Sizing Up The Defense
Brian Nussbaum, assistant professor in the College of Emergency Preparedness, Homeland Security and Cybersecurity. |
ALBANY, N.Y. (Dec. 8, 2017) – No organization or industry is immune to cybercrime.
Large-scale attacks tend to grab the headlines, like Yahoo’s data breach last year that leaked personal information from a billion user accounts. Less publicized is the number of attacks on small and medium-size companies.
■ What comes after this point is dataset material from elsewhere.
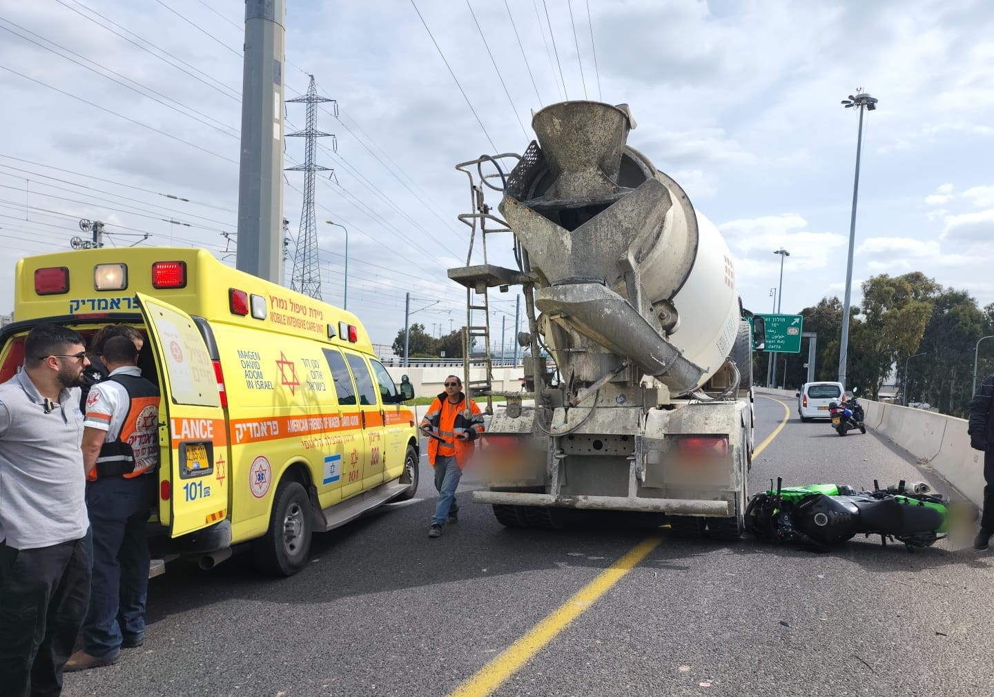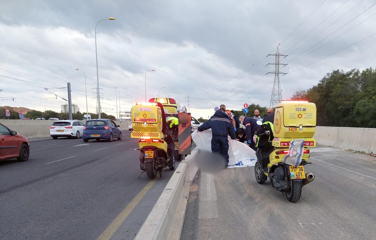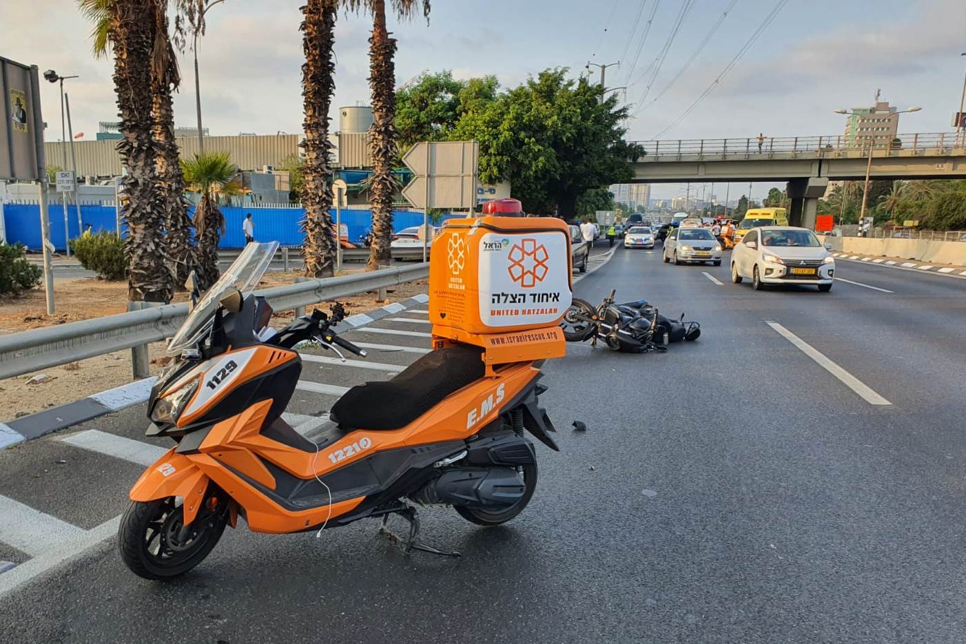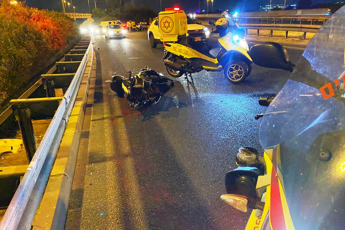 זירת התאונה בנתיבי איילון שבה נהרג הרוכב בן ה-50

According to the 2016 State of SMB Cybersecurity Report, hackers have breached half of the 28 million small businesses in the United States.
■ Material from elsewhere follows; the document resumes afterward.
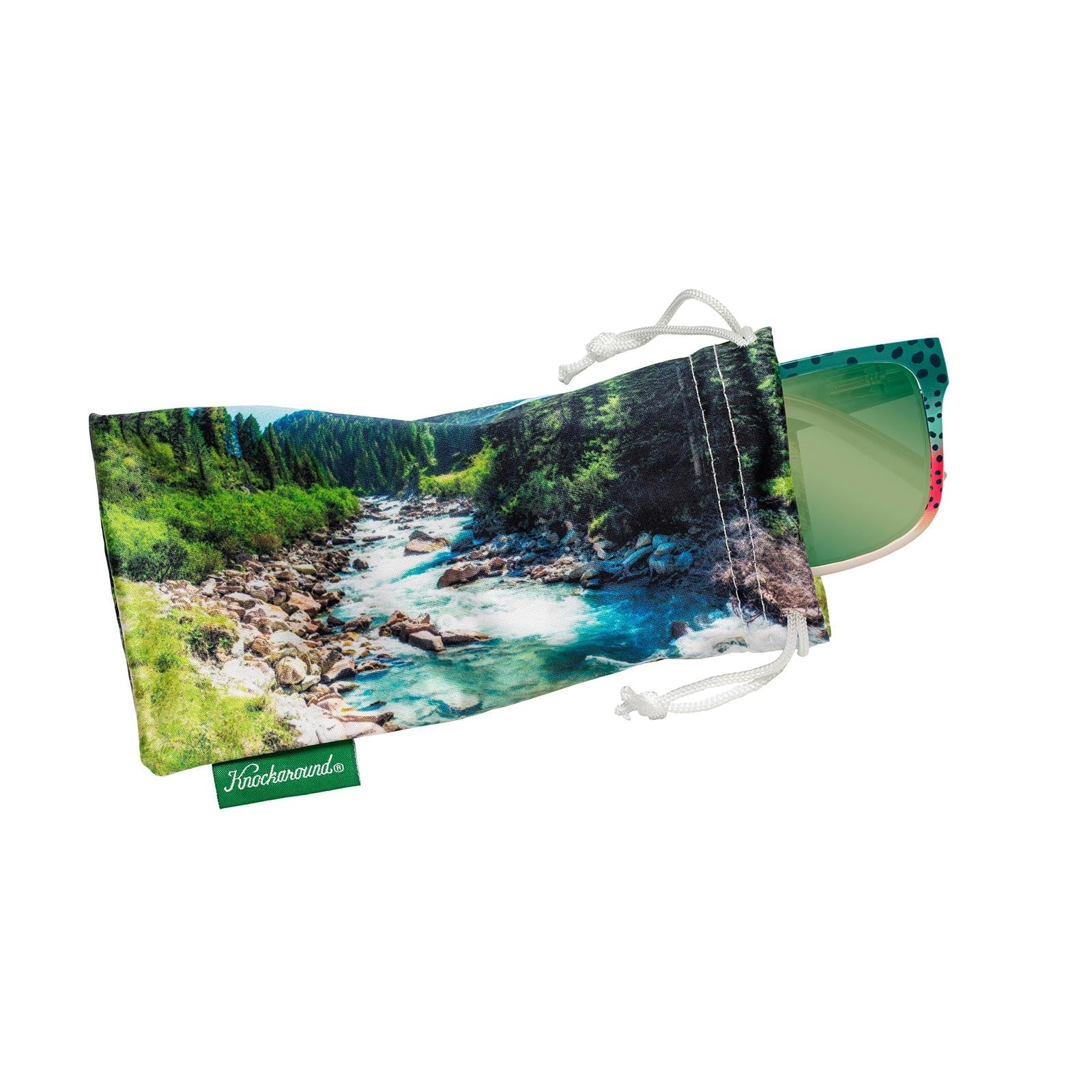 The Rainbow Trout Torrey Pines Sport sunglasses bring the vibrancy of the wild to life. Blue-green at the top of the speckled frame fades gently to crimson before ending in translucent beige along the arms. Top it off with a light blue interior for a look that comes straight from the streams of Montana. Polarized olive green lenses etched with a rainbow trout silhouette provide optimal glare reduction, making them as functional as they are eye-catching. Finished with silver K logos and pink embedded rubber nose pads, these shades combine rugged style with superior comfort. With FDA compliant, impact-resistant lenses and full UV400 protection, they’re ready for any adventure and come with a babbling river microfiber pouch for safe keeping.

Clearly, no organization is too big or small to be hacked – but how do cybersecurity challenges differ based on firm size?
To answer that question, Brian Nussbaum, an assistant professor in the College of Emergency Preparedness, Homeland Security and Cybersecurity, has published a new theoretical paper in the Journal of Cyber Policy.
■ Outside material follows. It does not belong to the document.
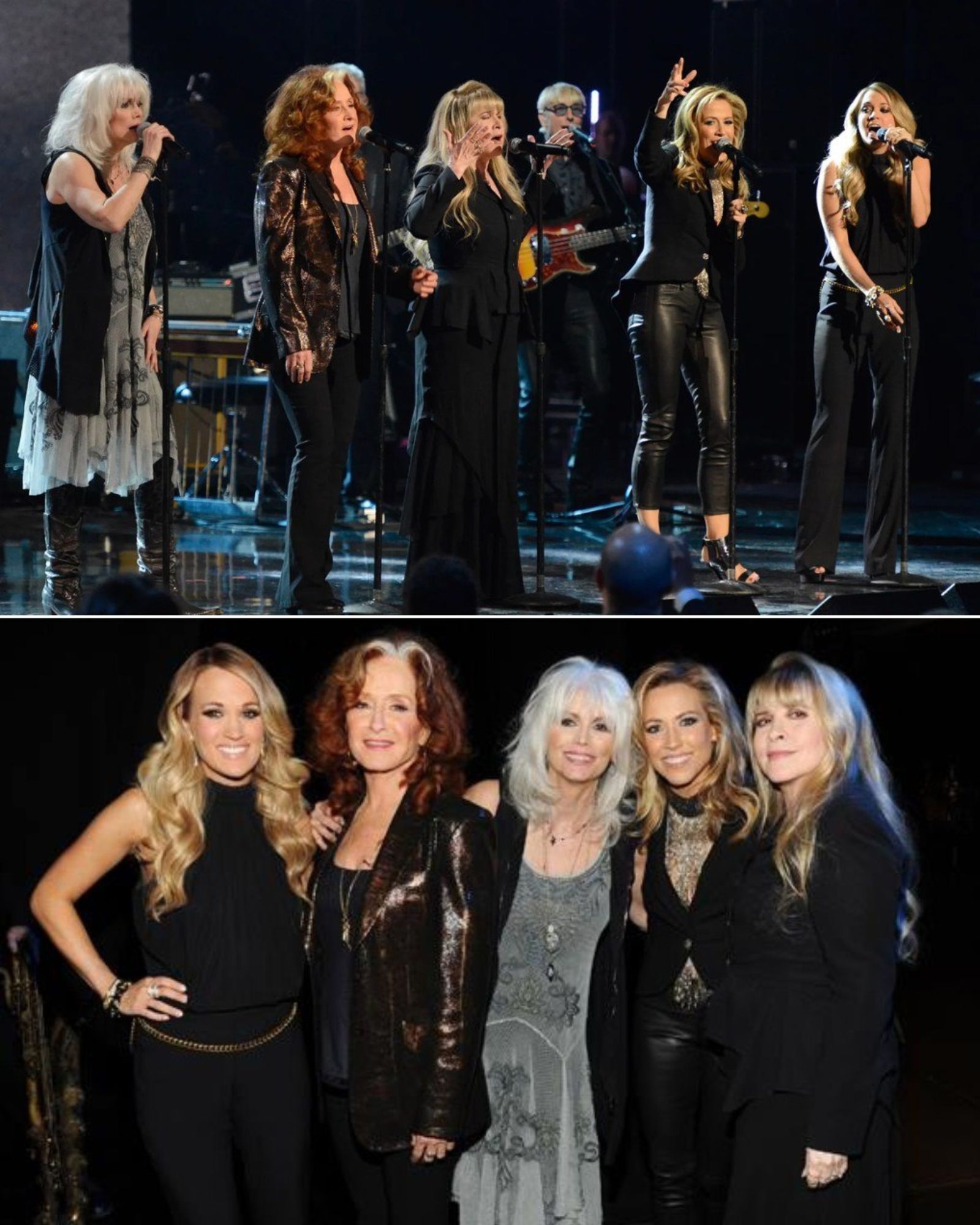 Each singer carried a different chapter of American music, and somehow the song stitched them together. Carrie’s clarity rose first, bright and steady. Stevie answered with a husky echo of midnight highways. Sheryl added a storyteller’s calm, while Emmylou’s harmony wrapped around the melody like a shawl passed down through generations. Then Bonnie’s guitar slid in—soft, knowing—guiding the whole thing forward.

“There is already extensive literature in the fields of business and organizational studies that connects firm size to various outcomes,” Nussbaum said. “We wanted to apply this thinking to cybersecurity by comparing challenges for large and small enterprises, both in the private sector and public sector.”
His paper specifically examines the differences within the social aspects of organizations (i.e. the people and process), arguing they play just as large of a role in cybersecurity challenges as technical aspects do.
“While an organizations cybersecurity efforts can range in terms of technical aspects, our paper instead compares social aspects,” Nussbaum said. “Information security professionals spend their day dealing as much with people as with bits, bytes or firewalls; getting coworkers to not click on phishing links, getting business units to collaborate for incident response, convincing executives not to conduct official business through their webmail accounts, and harassing people to change their default passwords.”
To analyze differences, Nussbaum and his co-author Charlie Lewis, a Madison Policy Forum Cybersecurity fellow, compared three real-world cases of cybercrime – two small companies and one large.
The first case focuses on a small laundry business that stole records from another local small laundry business to gain a competitive advantage. The second looks at the small village of Ilion, N.Y., which made national news after having to pay hackers a ransom to keep its computers running. The third focuses on two massive data breaches in the United States Office of Personnel Management (OPM): one resulting in the exposure of 4.5 million records, another resulting in the exposure of 21.5 million records.
Nussbaum believes his paper is a good first step in acknowledging that firm size is important when analyzing organizational cybersecurity challenges, though much more research still needs to be done.
“Our paper provides a starting point to begin thinking about the idea of firm size and the many things that come with it in the context of cybersecurity,” Nussbaum said. “It is important to note this is merely an early step in integrating existing – and future – research on firm size into the rapidly growing literature available on combating cybersecurity challenges.”